§ Exercise instructions: Transcribe the stretch of entries below from the line with "100% z recyklingu" through the line with "Claims that Somali", exactly and with both ends included; leave out all other lines.

§ Data supplied:
:::::

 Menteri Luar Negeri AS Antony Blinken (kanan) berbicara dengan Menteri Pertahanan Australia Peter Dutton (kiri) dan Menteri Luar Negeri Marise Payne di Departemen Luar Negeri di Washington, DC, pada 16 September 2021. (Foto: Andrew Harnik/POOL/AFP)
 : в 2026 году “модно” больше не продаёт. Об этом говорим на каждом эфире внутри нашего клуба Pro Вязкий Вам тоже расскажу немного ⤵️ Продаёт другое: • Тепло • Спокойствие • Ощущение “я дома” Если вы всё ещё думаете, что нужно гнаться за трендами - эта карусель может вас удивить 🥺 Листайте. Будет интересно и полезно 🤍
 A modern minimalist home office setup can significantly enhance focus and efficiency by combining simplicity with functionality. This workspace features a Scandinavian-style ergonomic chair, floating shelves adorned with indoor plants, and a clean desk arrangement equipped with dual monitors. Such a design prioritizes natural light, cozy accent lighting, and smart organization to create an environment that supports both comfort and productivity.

:::::

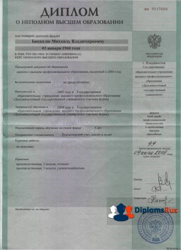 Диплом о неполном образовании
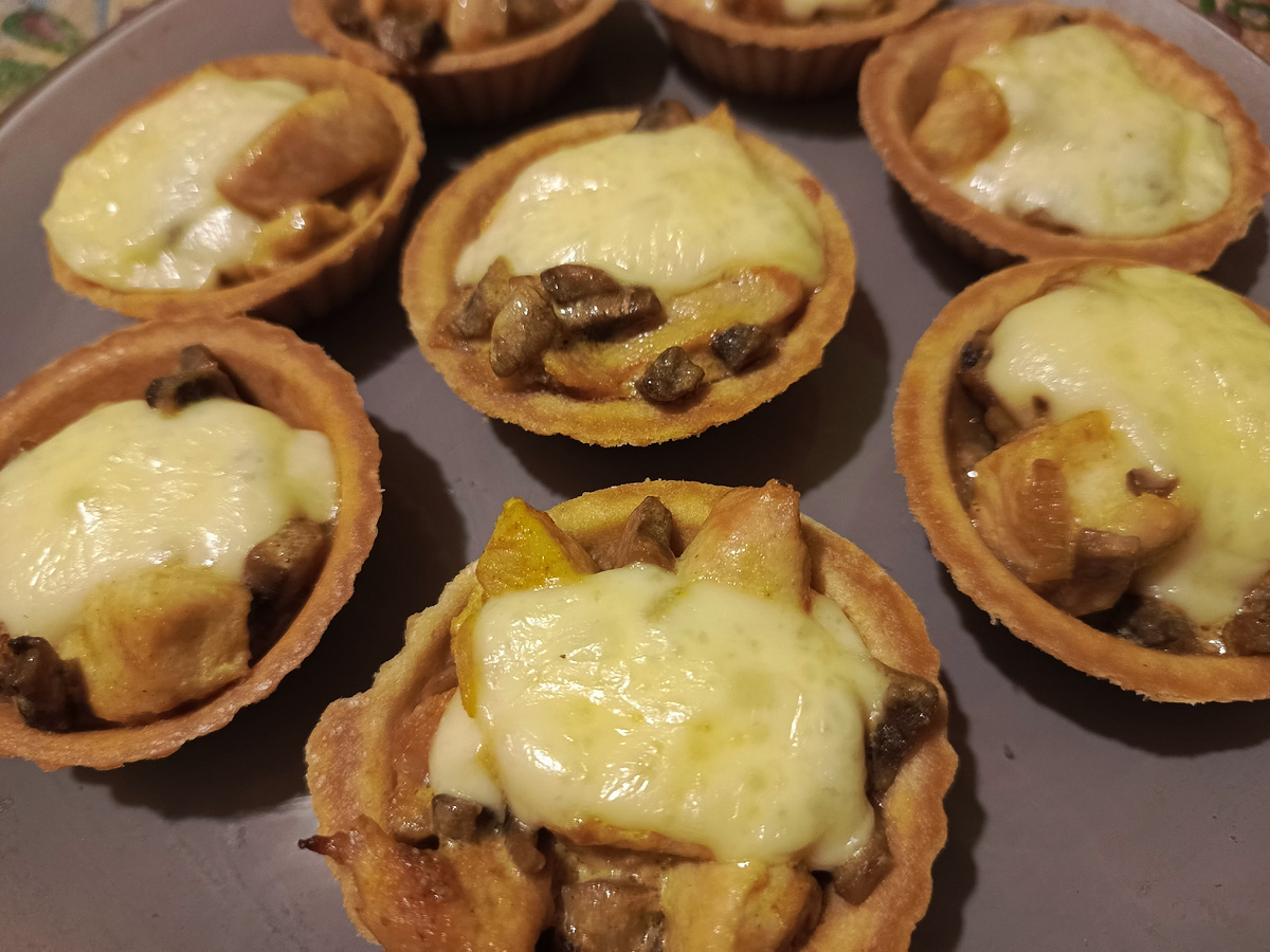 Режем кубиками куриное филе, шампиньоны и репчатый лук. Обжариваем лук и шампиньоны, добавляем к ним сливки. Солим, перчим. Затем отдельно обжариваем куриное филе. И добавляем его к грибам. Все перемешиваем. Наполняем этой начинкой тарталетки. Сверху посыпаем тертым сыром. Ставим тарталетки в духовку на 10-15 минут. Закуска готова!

:::::

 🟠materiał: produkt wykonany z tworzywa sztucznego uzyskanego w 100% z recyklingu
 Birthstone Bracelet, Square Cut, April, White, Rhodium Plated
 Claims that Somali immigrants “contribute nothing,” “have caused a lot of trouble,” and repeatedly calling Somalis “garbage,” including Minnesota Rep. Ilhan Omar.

:::::

§ Your response:
 🟠materiał: produkt wykonany z tworzywa sztucznego uzyskanego w 100% z recyklingu
 Birthstone Bracelet, Square Cut, April, White, Rhodium Plated
 Claims that Somali immigrants “contribute nothing,” “have caused a lot of trouble,” and repeatedly calling Somalis “garbage,” including Minnesota Rep. Ilhan Omar.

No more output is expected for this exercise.